**** DATA EXTRACT ****
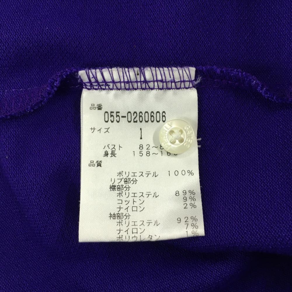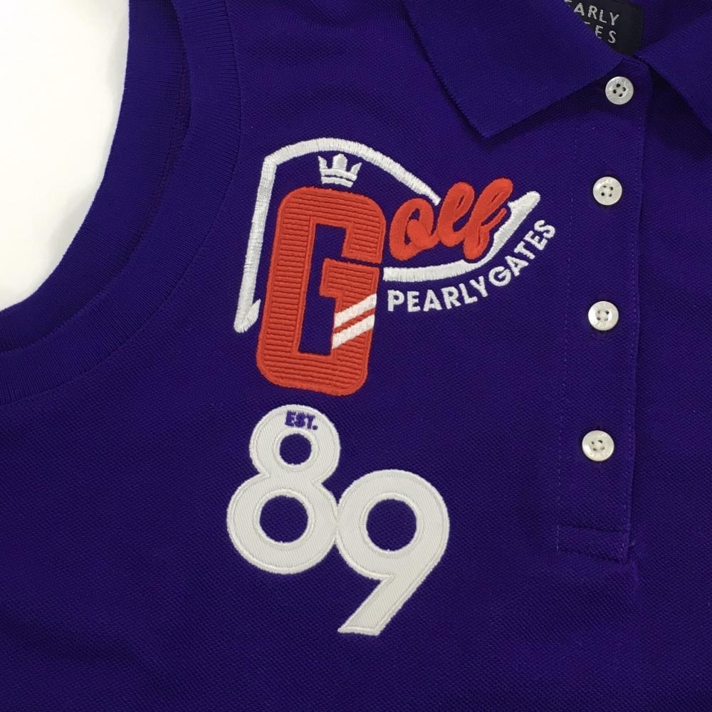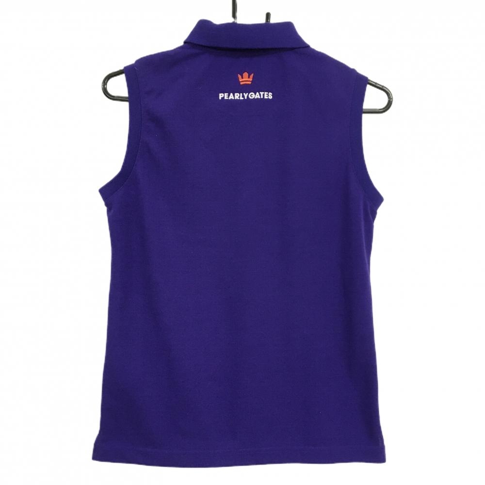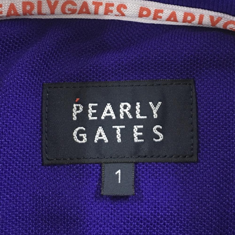 【超美品】パーリーゲイツ 半袖ポロシャツ パープル×オレンジ ロゴ刺しゅう 襟裏ライン レディース 1(M) ゴルフウェア PEARLY GATES
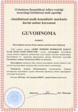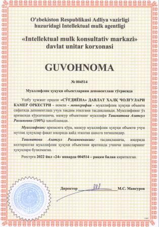 | 5585 | №004514 | Монография - "СЎҒДИЁНА" ДАВЛАТ ХАЛҚ ЧОЛҒУЛАРИ КАМЕР ОРКЕСТРИ | Ташматова Азатгул Рахимовна (100%) | Ташматова Азатгул Рахимовна | 01/24/2022 | ![]() |
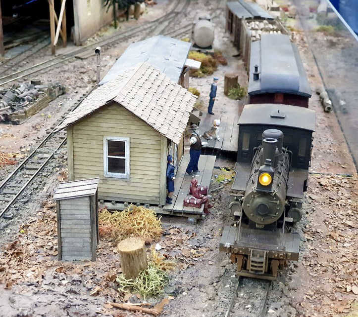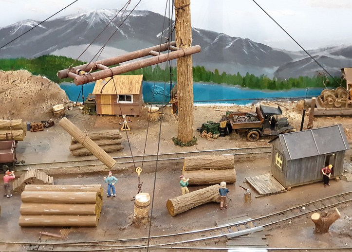 Next, my attention turned to the layouts. Narrow gauge was represented by Mosquito Falls an On30 Canadian logging line from the De Havilland MRS.
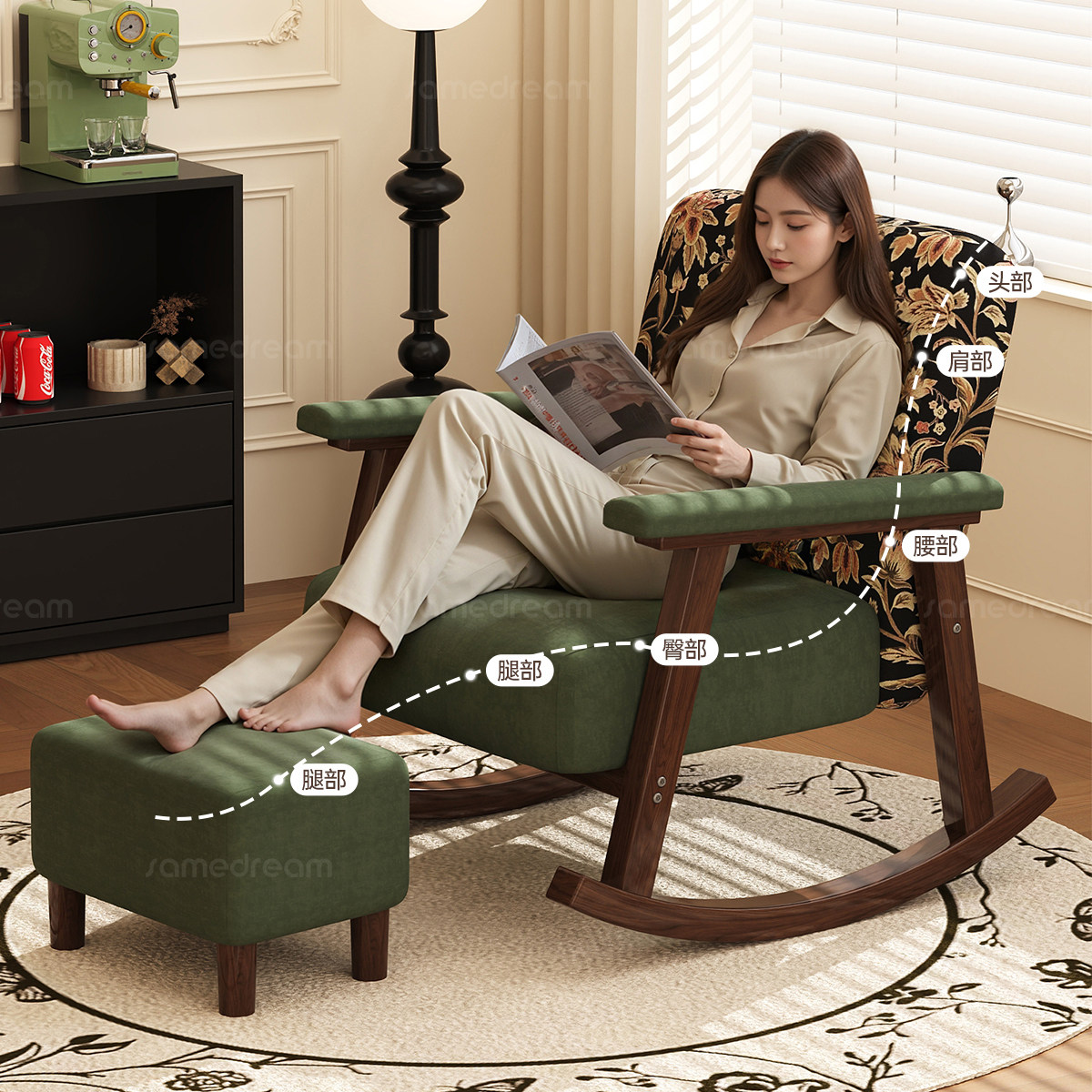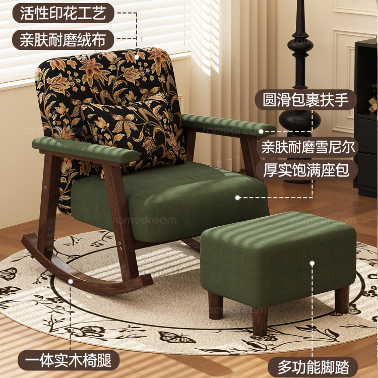 复古摇摇椅大人躺椅客厅阳台家用实木美式中古风单人摇椅沙发可躺
****
**WHAT YOU WILL DO**.
Exactly as written, restate the listing above with its pictures omitted.

**EXERCISE RESPONSE**.
 【超美品】パーリーゲイツ 半袖ポロシャツ パープル×オレンジ ロゴ刺しゅう 襟裏ライン レディース 1(M) ゴルフウェア PEARLY GATES
 | 5585 | №004514 | Монография - "СЎҒДИЁНА" ДАВЛАТ ХАЛҚ ЧОЛҒУЛАРИ КАМЕР ОРКЕСТРИ | Ташматова Азатгул Рахимовна (100%) | Ташматова Азатгул Рахимовна | 01/24/2022 | ![]() |
 Next, my attention turned to the layouts. Narrow gauge was represented by Mosquito Falls an On30 Canadian logging line from the De Havilland MRS.
 复古摇摇椅大人躺椅客厅阳台家用实木美式中古风单人摇椅沙发可躺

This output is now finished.